Worms. Can't live with 'em, can't kill 'em. Usually can't kill 'em.
I COULD sum up Effing Worms, but the description IN the game is so succinct that I might as well just post a screencap:
Not enough? Okay. Here's the not-so-skinny: you're a worm. A biiiig worm. Human beings running about on the surface offend you and make your tummy rumble. Eat the bastards. Giant worms don't need storylines, they just need meals. So, from a purely game play perspective, Effing Worms is a fast-paced mission to guide your worm about and make it as large as possible by eating things. Eat enough things in one go and you'll enter a frenetic rage that will speed up your worm. Between levels you can choose evolutions that will make your worm faster, tougher and altogether more deadly.

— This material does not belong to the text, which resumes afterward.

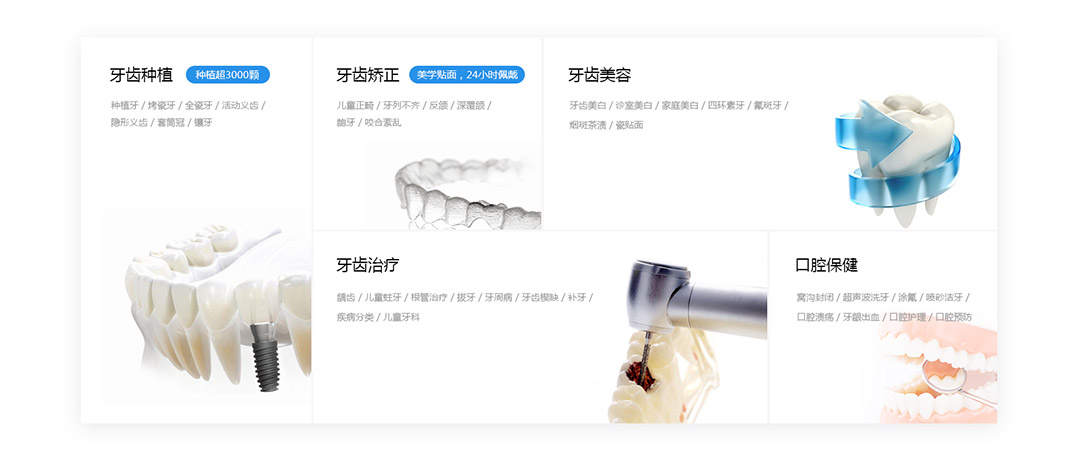 医疗同类型网站的服务项目展示都较为混乱,无法清晰直观的让访客一目了然。我们的做法是:区分开其他竞争对手的网站布局,将产品的类别分为5大块,并且突出主打服务项目。这样访客即可快速根据自己的需求,从而对号入座进行选择,有效提升了客户的访问体验与决策速度。

But, yeah, at the end of the day you're just out to eat stuff.
Effing Worm's controls are a little confusing, but only at first. Utilizing WASD or the arrow keys, you can throttle your worm into high gear by holding up or W, then use right/D or left/A to change its angle and direction. A little like a gas pedal and a steering wheel in a car, though this car eats people. The controls will grow on you in no time, and I had few issues with them, aside from the occasional difficulty of locking onto tiny targets.
Effing Worms ain't the cream of the crop, but it's not bad, either. The graphics are basic but sleek, and though the environment around you never changes you won't care about the background anyway - too busy hunting teensy humans. The worm itself is definitely the most impressive visual, going from a wee little thing -
- to a ridiculous monstrosity.
It's so sad watching your children grow into adults.
Effing Worms sports two songs: one that's low key and one that's head-banging, guitar-shredding mayhem. Both are okay, and they're suitable for their respective purposes (not-out-of-the-ground-yet and surprise!). Not wowed, but not disgusted.
Effing Worms is not a difficult game, and I highly doubt it was meant to be difficult. The only challenge in the game stems from choosing speed over bulk when accepting wormy upgrades, as speed makes it easier to miss targets and decreases your worm's potential bulk and overall health. You need to keep eating humans and avoiding military weaponry to stay alive, and that's tough to do when you miss your meals every time you come around for another pass.
By the end, Effing Worms is (by the game's own admission) just a sandbox slaughterfest where it's almost impossible to die, assuming you don't stop moving. That does not, however, make the game less fun - it's just stupid fun.
Effing Worms is not high art. This title exists for pure, bloody mayhem. It's a great way to unwind after stress, especially if you're interested in seeing all of the visual combinations you can achieve by evolving your worm. Highly recommended - I'll be going back to play this thing again.